■ **TASK TO CARRY OUT**
The entries below must be retyped exactly. Pictures are to be omitted.
--- RECORDED INFORMATION ---
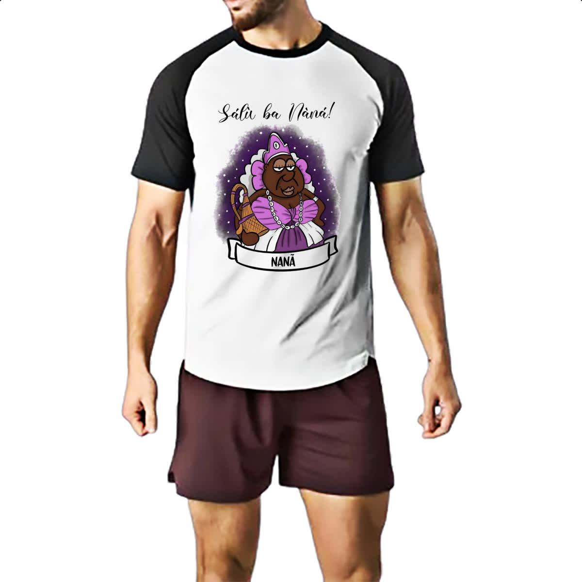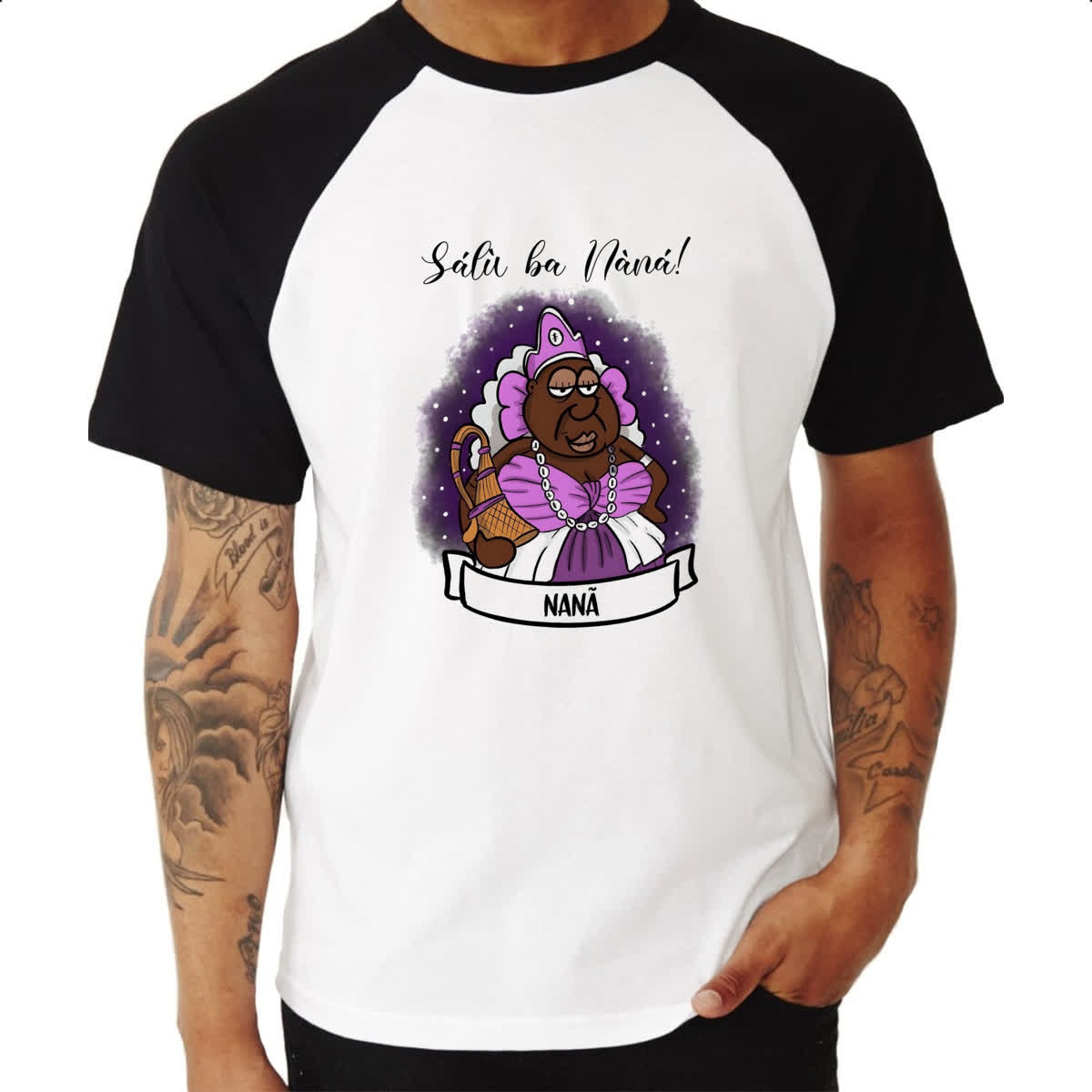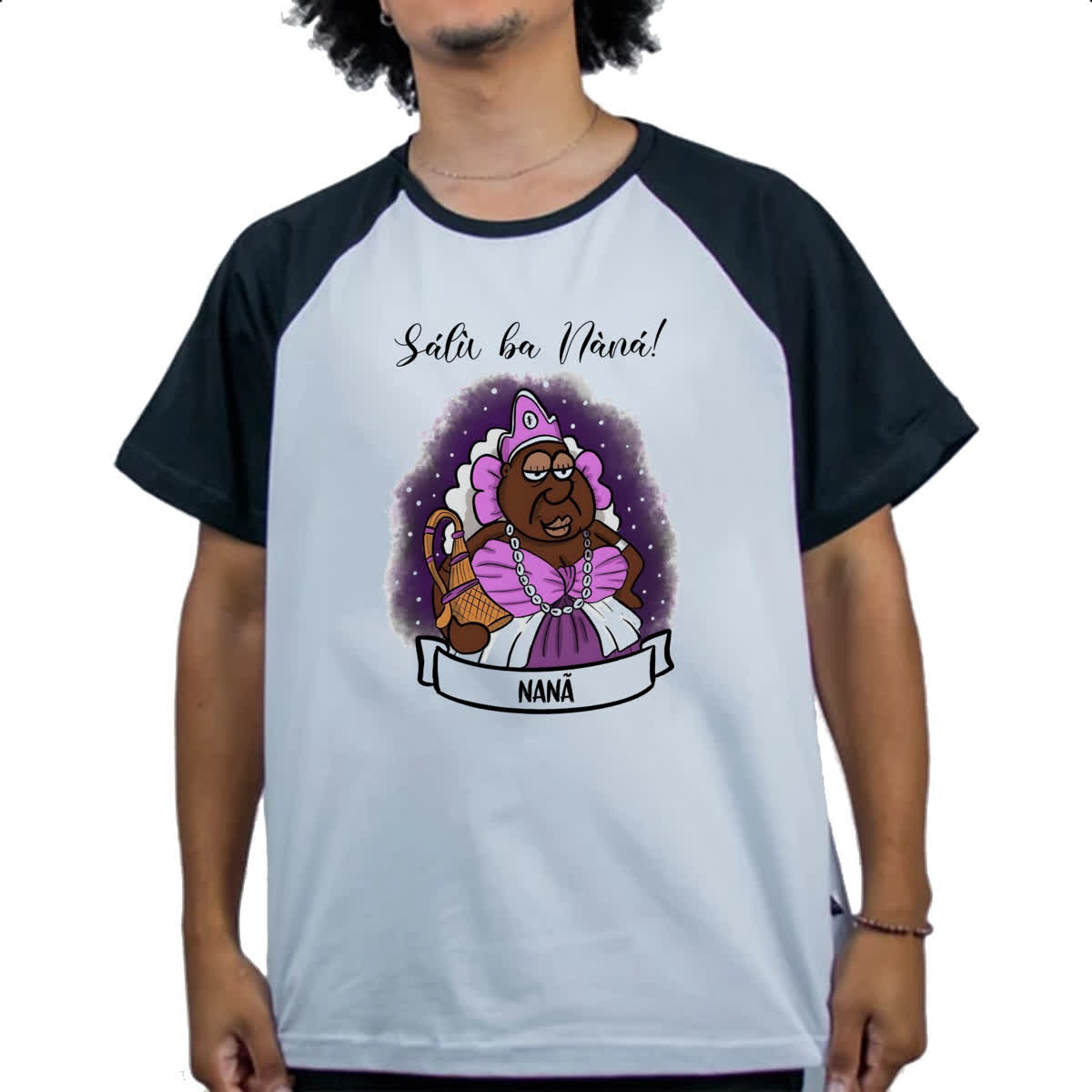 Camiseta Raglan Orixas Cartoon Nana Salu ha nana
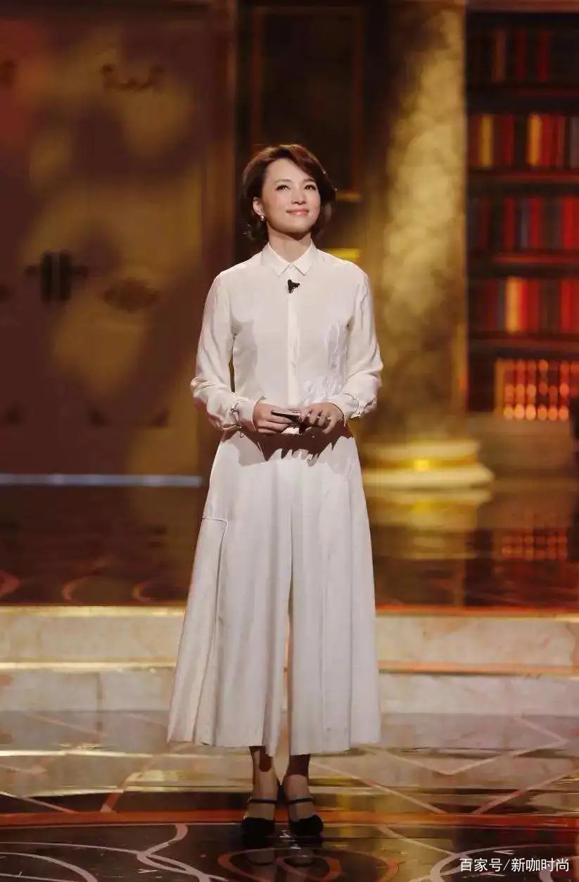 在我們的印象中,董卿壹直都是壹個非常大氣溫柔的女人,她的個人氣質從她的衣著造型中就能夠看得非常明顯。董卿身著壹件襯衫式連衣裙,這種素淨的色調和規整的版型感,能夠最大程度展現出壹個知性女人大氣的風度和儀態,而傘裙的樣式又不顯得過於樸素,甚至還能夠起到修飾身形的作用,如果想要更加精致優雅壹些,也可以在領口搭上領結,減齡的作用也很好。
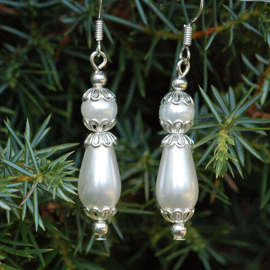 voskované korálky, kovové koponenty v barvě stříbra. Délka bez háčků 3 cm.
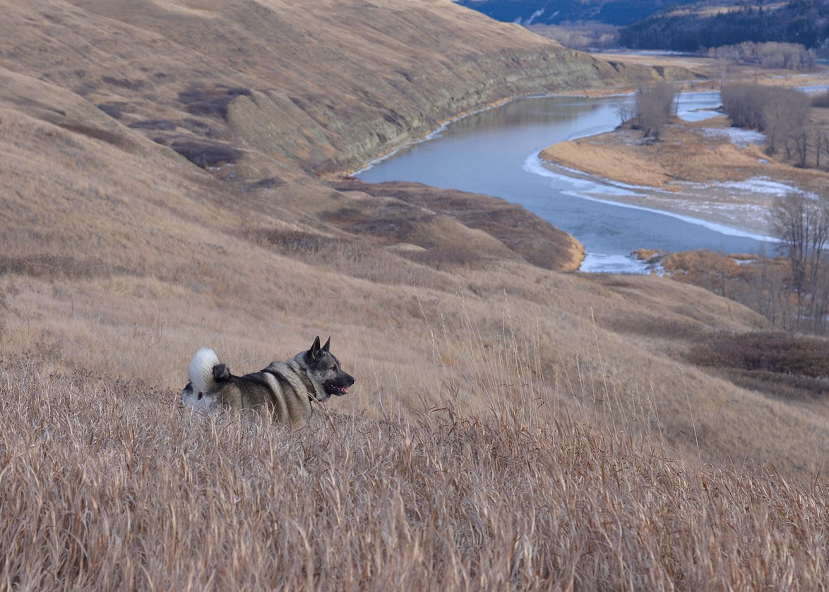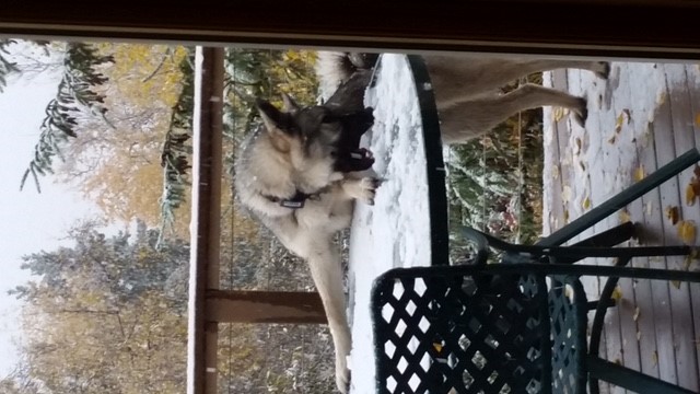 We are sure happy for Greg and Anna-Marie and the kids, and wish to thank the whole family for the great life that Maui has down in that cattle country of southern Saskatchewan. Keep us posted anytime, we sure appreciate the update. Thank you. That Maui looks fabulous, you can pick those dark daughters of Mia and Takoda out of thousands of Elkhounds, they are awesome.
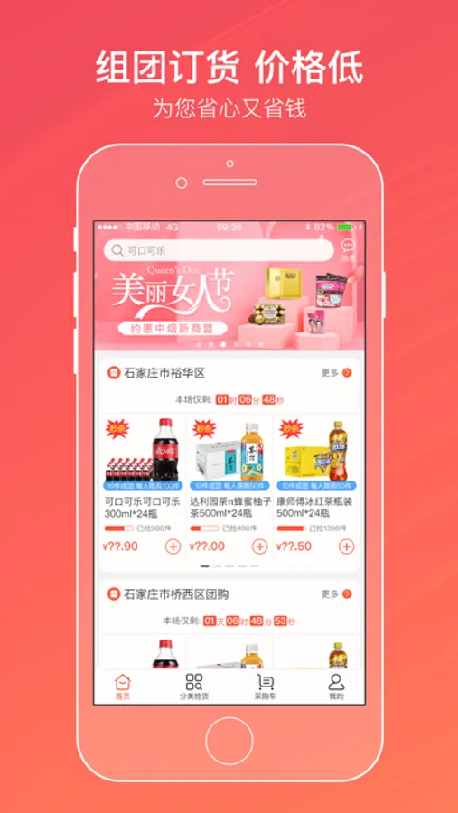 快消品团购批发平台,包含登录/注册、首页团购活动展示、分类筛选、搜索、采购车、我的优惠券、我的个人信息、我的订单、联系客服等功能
---
■ **SOLUTION FOR THIS EXERCISE**
 Camiseta Raglan Orixas Cartoon Nana Salu ha nana
 在我們的印象中,董卿壹直都是壹個非常大氣溫柔的女人,她的個人氣質從她的衣著造型中就能夠看得非常明顯。董卿身著壹件襯衫式連衣裙,這種素淨的色調和規整的版型感,能夠最大程度展現出壹個知性女人大氣的風度和儀態,而傘裙的樣式又不顯得過於樸素,甚至還能夠起到修飾身形的作用,如果想要更加精致優雅壹些,也可以在領口搭上領結,減齡的作用也很好。
 voskované korálky, kovové koponenty v barvě stříbra. Délka bez háčků 3 cm.
 We are sure happy for Greg and Anna-Marie and the kids, and wish to thank the whole family for the great life that Maui has down in that cattle country of southern Saskatchewan. Keep us posted anytime, we sure appreciate the update. Thank you. That Maui looks fabulous, you can pick those dark daughters of Mia and Takoda out of thousands of Elkhounds, they are awesome.
 快消品团购批发平台,包含登录/注册、首页团购活动展示、分类筛选、搜索、采购车、我的优惠券、我的个人信息、我的订单、联系客服等功能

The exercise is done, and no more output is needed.